The combination of Hannover Life Reassurance Co. of America's reaction to the BEAT and the reinsurance of legacy business by life units of American International Group Inc. has already created volatility in the industry's assumed and ceded premiums in 2018. Hannover Life restructured certain of its retrocession agreements to avoid what it characterized as the "severe surplus strain" that would have resulted from its transactions with foreign affiliates through the new tax. And a new Bermuda affiliate assumed the AIG legacy business, taking it outside of the scope of US statutory data, as the group reported ceded premiums of $31.93 billion for the first quarter and total net premiums of a negative $27.36 billion in the life, annuity and accident and health lines.
Given the prospects for other large life groups to use reinsurance, M&A or some combination of the two to address their legacy exposures, net premium trends are likely to remain a moving target and the source of considerable volatility in the industry's future results.
The projections represent the product of a sum-of-the-parts analysis of line-of-business-level results for private carriers in the US life, annuity and health industry modeled largely on Exhibits 1 and 2 to annual statutory statements.
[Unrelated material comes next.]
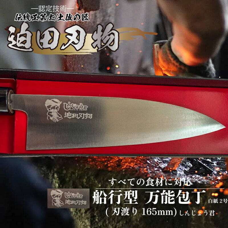 【ふるさと納税】日本三大刃物 土佐打ち刃物 舟行型 万能包丁 16.5cm 白鋼 白紙2号 迫田刃物 プロ 日用品 キッチン 伝統 職人 鍛造 包丁 調理 高知県 須崎市 しんじょう君 SD042

While S&P Global Market Intelligence does not project results for individual carriers or life groups, certain significant company-specific activities help inform the line-of-business level outlook. In addition, the outlook attempts to exclude the impact of select one-off events that involved the on-shoring or offshoring of business to such an extent that it dramatically impacted industry level financials on a historical basis. Macroeconomic inputs reflect consensus estimates compiled by The Wall Street Journal and the outlook published by the Congressional Budget Office in January. The outlook is subject to change periodically and as events warrant.